For more information on Robert Zhao Renhui, click here.
Victoria Fu, Pinch-Zoom (2015), Neon.
An American visual artist, Fu works between digital videos, analog film, and photographic, screen-based, projected image. Her works playfully examines artistic conventions and the dispersal of technical images in our contemporary era through the appropriation of stock footage and original imagery. By using scraps of digital media and constructing them into formal elements, Fu dissects strategies of visual communication. Furthermore, she makes aesthetic the stream of mundane digital data that currently surrounds and floods citizens in the developed world. Fu also co-organized the conference Touching the Screen, and went on to begin a collaborative studio practice that marries aesthetic sensibilities and working processes.
Sebastian Mary Tay, Amidst the Colours #1, #2, #4, #7 (2015), Glicée Printing on Semi-Gloss Paper.
The text appended to Amidst the Colours highlights Tay’s interest in understanding human beings’ interest towards the beautiful and the sublime, an entity that emanates from the human capacity of allowing an aesthetic experience.
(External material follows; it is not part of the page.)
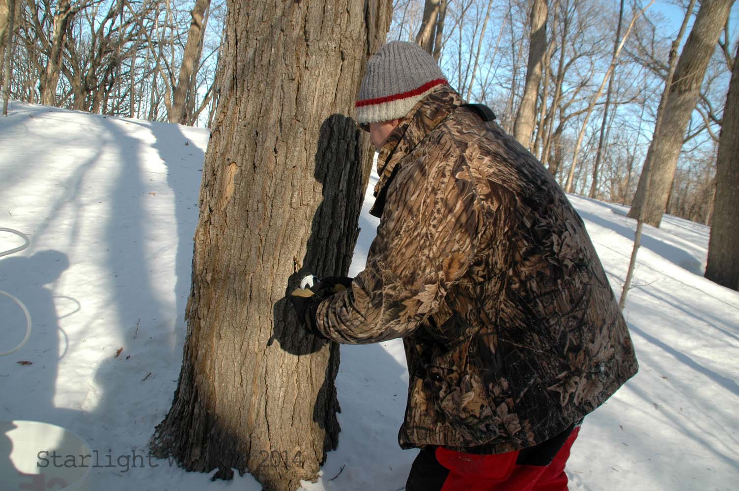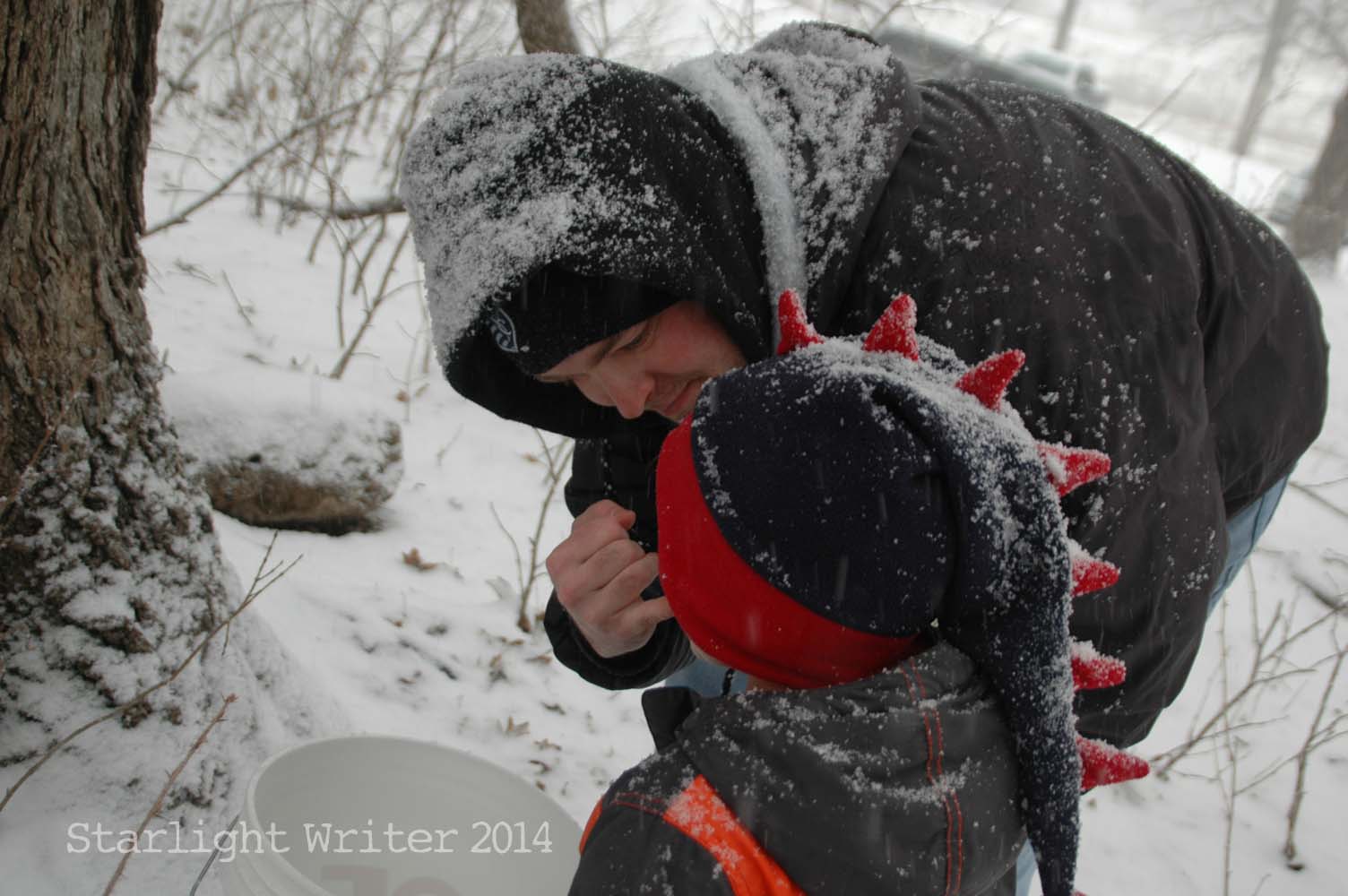 Everyone tastes a bit of the sweet sap. My youngest sips it right out of the tree. And this cute little guy, he gets a taste from his daddy’s finger.

Constructed from spices, herbs, flour, ice, a fog machine and lighting, Tay focused on fabricating landscapes with physical features that exuded beauty and sublimity in natural landscapes. The orchestration of construction and photography of each image took between three to seven days. Tay aimed at inventing such landscapes where theatrics allowed for colours to manifest and engage with each other, assembled spatially within the fog. It causes viewers to embark on a journey of the imaginative, and therefore find themselves participating in admiration, as contemplative beings. Tay is currently based in Singapore and is working towards exhibiting both at home and in the UK. He is also a member of the Society of Scottish Artists having graduated from the Glasgow School of Art with a Masters of Research in Creative Practices.
Sam Lo, My Grandfather Road (2016), Digital Inkjet Print on Archival Paper.
“I felt it was powerful to take back to the streets”, says Sam Lo. This performative activism spanned so large, 170 metres to be exact, that only a drone could capture its grandeur. In 2012, Lo was caught stenciling “My Grandfather Road” and pasting stickers on traffic light buttons. Public outcry was at an all-time high when the artist was arrested as such. 4 years later, Lo approached the organisers of a street carnival with the idea of revisiting this piece due to how the street, Circular Road, would be closed to traffic. Lo describes this as one of the most challenging pieces to date as it was orchestrated from the wee hours of the morning till early afternoon with the help of a 9-person crew. This piece comes full circle as a rebuttal to “The Man” after the 2012 arrest, as the artist was allowed to do it once again but on a colossal scale in 2016, when this picture was taken.